It will be seen from FIG. 4 that the light tunnels and lenses, here light 
tunnel/lens pairs 84/78 and 8/81 are mounted on supports 92 and 94, 
respectively, at an angle to the plane of base member 68 so that the light 
tunnel/lens pairs are aligned generally with the beams of light from laser 
scanners 40 and 42. 
Also mounted on base member 68 is a package of electronic circuitry 90 the 
function of which will be described later. 
It will be understood that optical receiver 60 may be fitted with a 
suitable cover member (not shown). 
Referring again to FIG. 1, in order to distinguish between various timing 
stations, a different sweep rate is employed depending on the type of 
timing station. For example, the 2000 sps (sweeps per second) rate may be 
chosen for timing station 12. Since racecars reduce speed for corners, a 
sweep rate of 1000 sps can be used at timing stations at corners, such as 
timing stations 16/17, and, since racecars have greatly reduced speed when 
entering or leaving a pit, a sweep rate of 500 sps can be used at timing 
stations 14/15 at pit 30. 
FIGS. 5 and 6 illustrate embodiments of laser scanners which may be 
employed to provide the sweeping laser beams across racetrack 10 and one 
or the other types of which, it will be understood, would be mounted in 
laser scanners 40 and 42 (FIG. 2). In FIG. 5, a laser scanner, generally 
indicated by the reference numeral 100, includes a laser 102 disposed so 
as to provide laser light to be reflected by a mirror 104 which is mounted 
on a vibrating reed 106. Mounted at the distal end of reed 106 is a 
ferromagnetic armature 108 which is disposed within a gap formed in a 
field electromagnet 110. Flux flow within field electromagnet 110 is 
caused to oscillate by alternating current from an oscillator circuit 112 
supplied to coil 114, thus, in turn, causing armature 108 and vibrating 
reed 106 to alternatingly move between the positions shown in solid lines 
and in broken lines on FIG. 5. This oscillation motion causes the light 
beam to be reflected through an angle "C." This angle is determined by the 
amplitude of the oscillation circuit. Since the light beam reflected by 
mirror 104 sweeps both up and down as reed 106 vibrates, a 1000 Hz. AC 
current will provide 2000 sps of the oscillating light beam. 
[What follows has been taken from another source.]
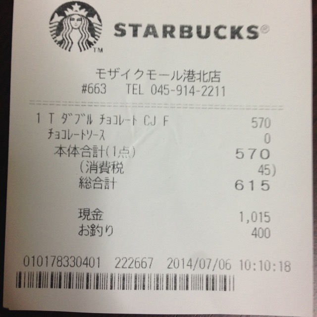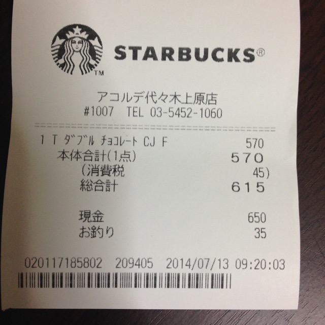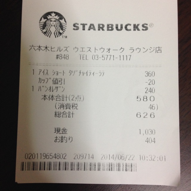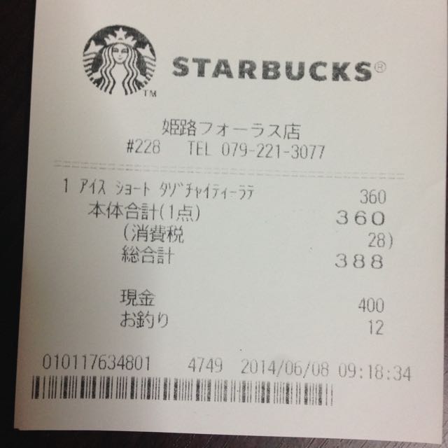 スタバのレシート

In FIG. 6, a laser scanner, generally indicated by the reference numeral 
118, includes a laser 120 disposed so as to provide laser light to be 
reflected by a polygonal mirror 122 which is mounted on a shaft 124 for 
rotation therewith. As polygonal mirror 122 rotates, laser light will 
sweep across racetrack 10 in a repeating beam through an angle "D." Angle 
"D" is theoretically close to 180 degrees, but the usable angle is much 
smaller. With polygonal mirror 122 having 10 faces as shown, a rotational 
speed of 12,000 rpm will produce 2000 sps. 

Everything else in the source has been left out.